– Да, но согласится ли Пруссия на транзит французов, пусть и безоружных, через их территорию?
– А вот здесь, как мне кажется, пруссаки могли бы полюбовно договориться с Наполеоном-Жозефом о предоставлении независимости Эльзасу и частям Лотарингии, о которых мы не так давно говорили с генералом фон Герлахом. Примерно так же, в нашей истории, сардинцы отплатили французам за поддержку в войне за объединения Италии Ниццей и Савойей. Полагаю, что то же может получиться и в данном случае. Ну, это уже дело фон Бисмарка и принца Наполеона. Мы к этому не должны иметь никакого отношения. «Я – честный маклер» – так когда-то сказал Бисмарк о себе.
– Ну что ж, Андрей Борисович. Поговорите с принцем и посмотрите, согласится ли он на подобное предложение.

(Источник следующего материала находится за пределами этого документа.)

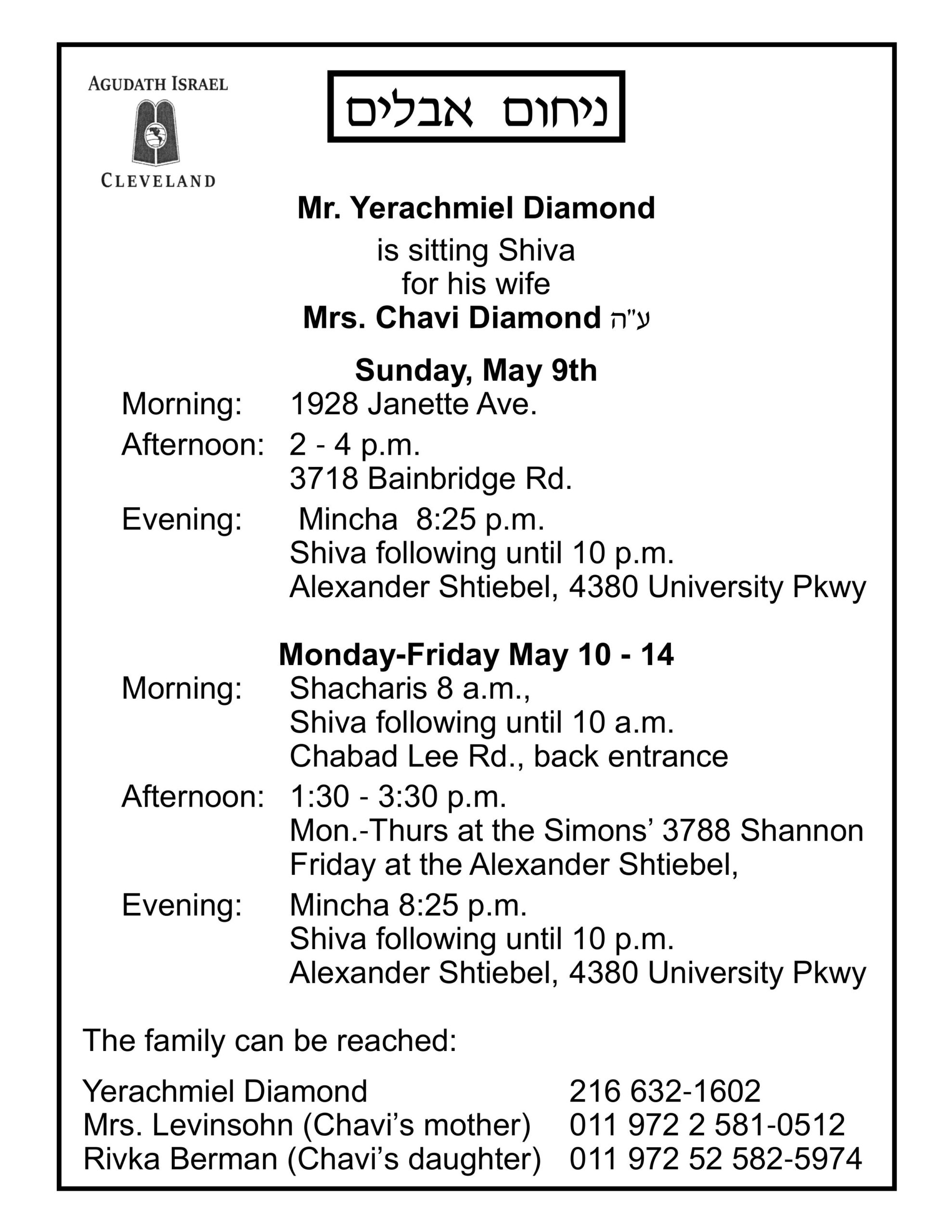 Etta Winer will be sitting shiva for her father, Dr. Bernard Kabakow, Baruch ben Zvi Hersh Z”L, in New York starting this Monday afternoon. She can be reached by phone at 216-513-4680, 347-677-0572, or email at ettawiner@yahoo.com.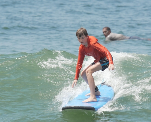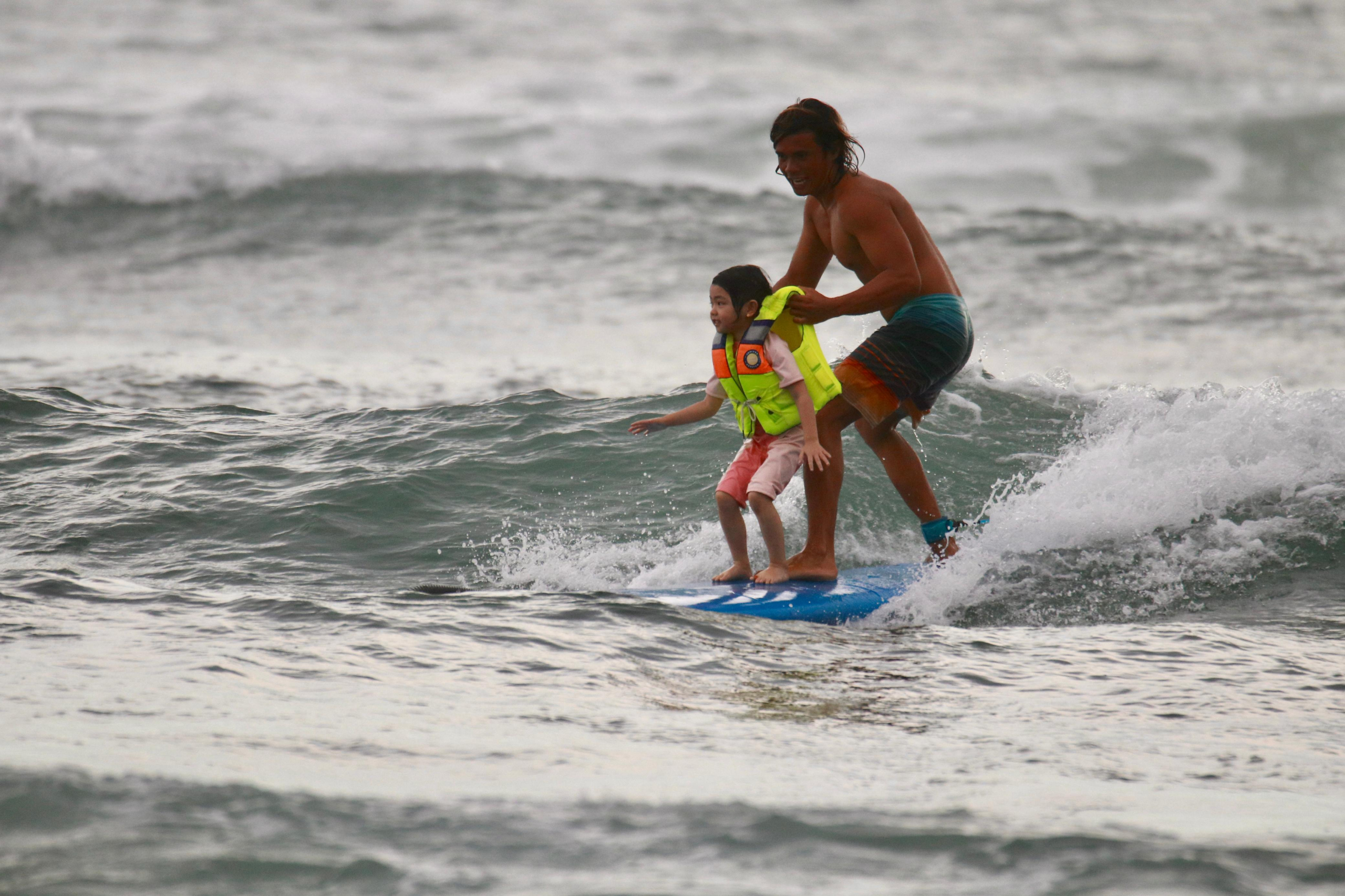 Our child surf lessons are designed to make learning safe, fun, and unforgettable. With patient, experienced instructors, kids gain confidence in the water while mastering the basics of surfing. For children under 8 years old, we recommend tandem surfing — riding the board together with an instructor — for extra safety and support.

Вот только про Эльзас и Лотарингию пусть ему лучше скажут пруссаки.
5 (17) октября 1854 года. Санкт-Петербург
Мередит Катриона Худ Катберт, мать и путешественница
Эх, чувствовало материнское сердце беду. Как мне не хотелось отпускать Джимми в Европу… Но Джонни высмеял мои страхи и сказал, что не все же время им держаться за материнскую, сиречь мою, юбку. И я, увы, с огромной неохотой, но согласилась. Все-таки, подумала я, Джимми уже не тот круглоголовый увалень, который так трогательно собирал для мамы полевые цветы, бегал наперегонки с детьми наших невольников и играл с ними в бейсбол… К тому же мне пришла в голову мысль – пусть возьмет с собой сестру. Ведь жених ее умер, а нового в наших патриархальных краях было не так-то и просто найти. По крайней мере, нашего сословия.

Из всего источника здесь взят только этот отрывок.